You need to create a detailed plan of the steps you need to take to achieve the goal. What actions do you need to take and what must you achieve each week, each month?

It’s helpful to break up a goal into mini goals. Aim to achieve a mini-goal every 2 to 4 weeks.

There are many training plans for runners available online which can help you create your own written personalised plan.

And, of course, you must keep a diary to track your activity and progress. Using a sports watch, where you upload your running data to your computer, is one of the best ways to chart and analyse your progress.

Naturally, when one goal is achieved, it’s time to set another one.

Running Safety

Sudden cardiac arrest

Though the risk stands at about 1 in every 200,000 runners, the possibility of cardiac arrest still exists. Sudden cardiac arrest is an emergency and occurs when there is an unexpected loss of heart function. Shortness of breath and unconsciousness quickly follow and lead to death if not quickly treated. Men in the mid 30s to mid 40s age range are most prone to this although women are not completely free of risk. The most likely cause apart from a history of heart problems is taking part in running you are not really prepared or warmed up for.

Runner’s knee

Patellofemoral pain syndrome is the medical term for runner’s knee. It is caused by exercise activities that require a lot of stress on the knee. Repeated bending, walking, lunges, biking and jumping are the major factors leading to this condition. It manifests as a pain around and behind the knee cap.

Iliotibial band friction syndrome (ITBFS)

In simple terms, the Iliotibial band is a thick tendon that starts from the hip, stretches from the outside thigh through the knee and down to the shin in both legs. As it approaches the knee it narrows and rubbing (friction) takes place between the tendon and the bone causing inflammation. You are likely to feel a stinging pain and notice swelling over the knee with the pain intensifying gradually especially when you try to put the affected foot on the ground.

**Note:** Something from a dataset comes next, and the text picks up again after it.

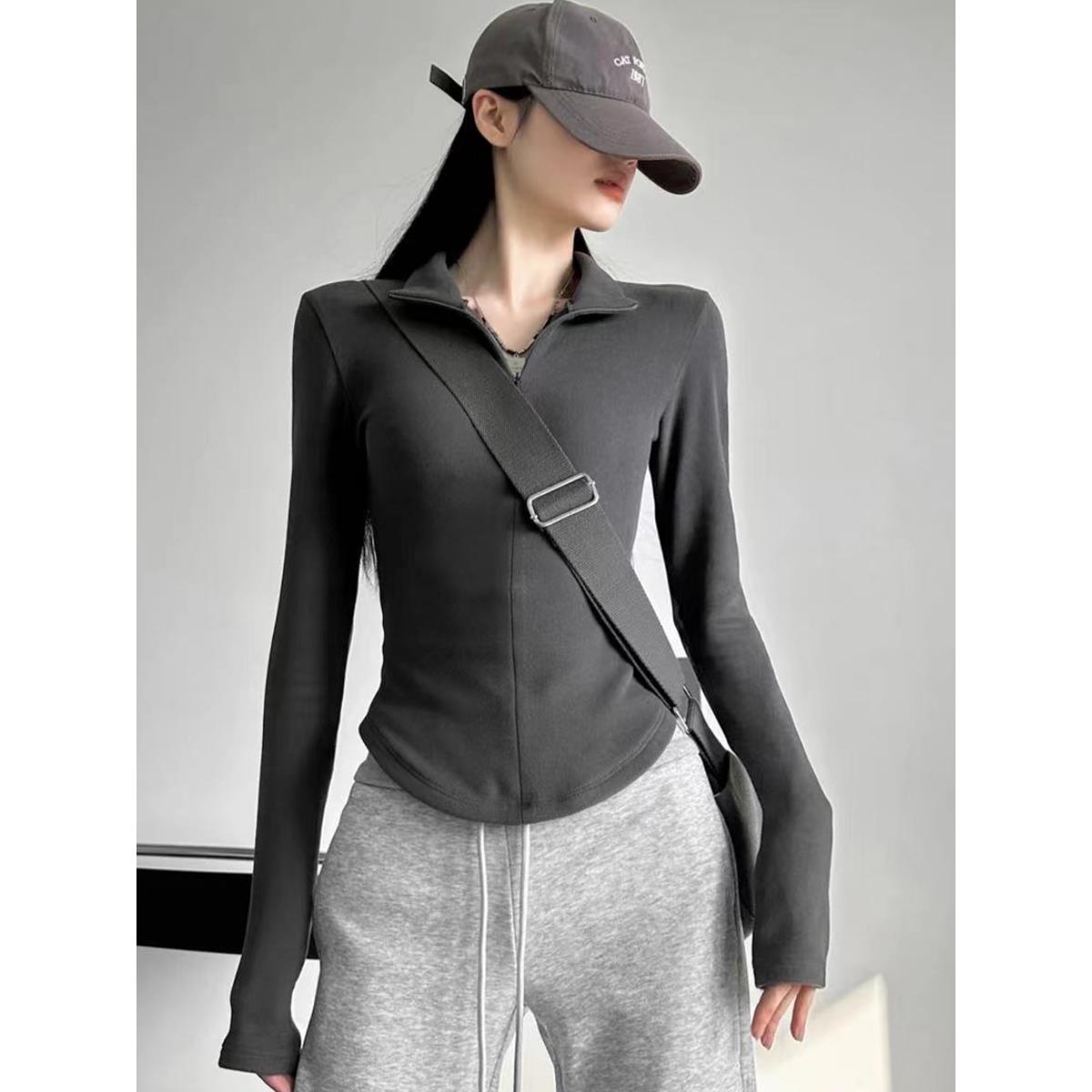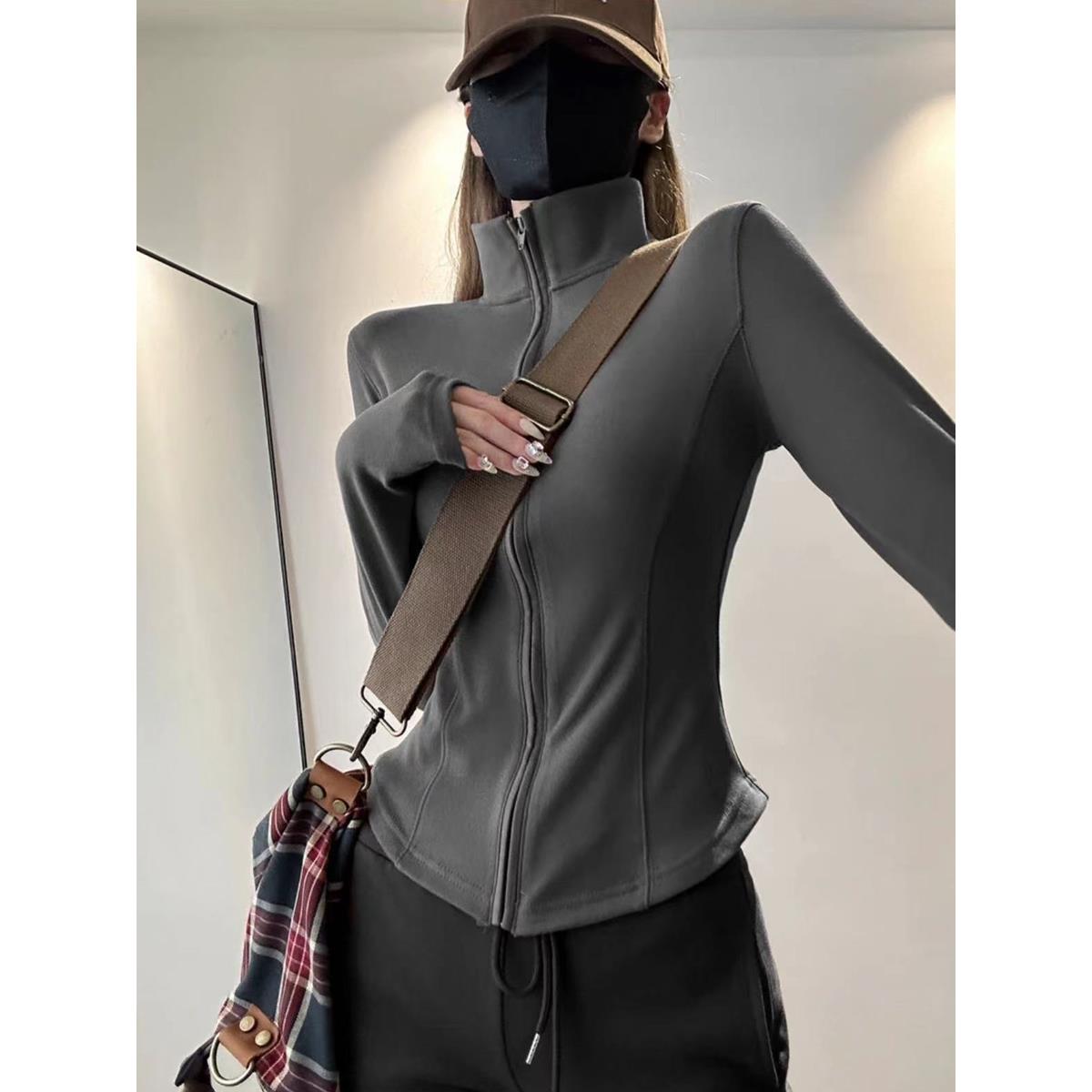 欧货双面德绒加厚保暖立领卫衣T恤女秋百搭修身开衫拉链打底上衣

ITBFS is very common amongst runners and seems to occur more frequently in women than men.

People with Arthritis

The misconception that running causes Arthritis has been around for ages. Arthritis (in this case that of the knee) is genetic. However, if you have already been diagnosed with arthritis, the continuous pounding impact on the knee as your feet hit the ground while running will worsen the condition. It is advisable to see your doctor first before taking up running.

Plantar fasciitis

The plantar fascia is a flat strip of tissue connecting your heel bones to your toes. It holds the arch of your foot in place. When strained, it becomes swollen and painful causing a term called Plantar Fasciitis. It is the most common cause of heel and under foot pain and gets worse when you try to stand or walk.
Though known to affect middle aged people more, it frequently occurs in young people who stand a lot (think soldiers, guards and athletes).

Reasons To Run A Half-Marathon

  • A half-marathon is a great race if you are a runner wants to run a longer race, but not quite ready to take on a full marathon distance. You’ve run some 10K’s and ready to take on a longer challenge and training for an endurance race.
  • 13.1 miles is the perfect distance if you want to accomplishment something major in your running, but don’t have the time to take on the training needed to run a full marathon. For many runners, they may not be able due to job or family responsibilities to take the time needed for a marathon. However, training for a half-marathon is completely doable.
  • Runners who tackle this distance will learn about what it takes to set goals with their running. You’ll need to have a training plan/schedule and be able to accomplish your goals weekly. These weekly goals will be instrumental in finishing your half-marathon. You will learn to handle the ups and downs that will come along the way. You will learn to persevere with your training to hit your goal.
  • Many runners take on a half-marathon race while they are in training for a full marathon. They will schedule a half to test their fitness level to see how they are in their marathon training. It’s a great tune up to do a few weeks before going for 26.2 miles.
  • Many runners run the 13.1 race to keep themselves in good shape throughout the year. They may not be truly “racing” any longer, but training for a half-marathon keeps them doing the miles need to feel good about themselves and in good health.

Running Program Slowly And Correctly

Some people will think that they can just strap on any pair of shoes and take off running. If you try to do this – you will probably end up getting injured or frustrated because you couldn’t just take off and run several miles. The truth is – nobody does. You have to slowly work into it.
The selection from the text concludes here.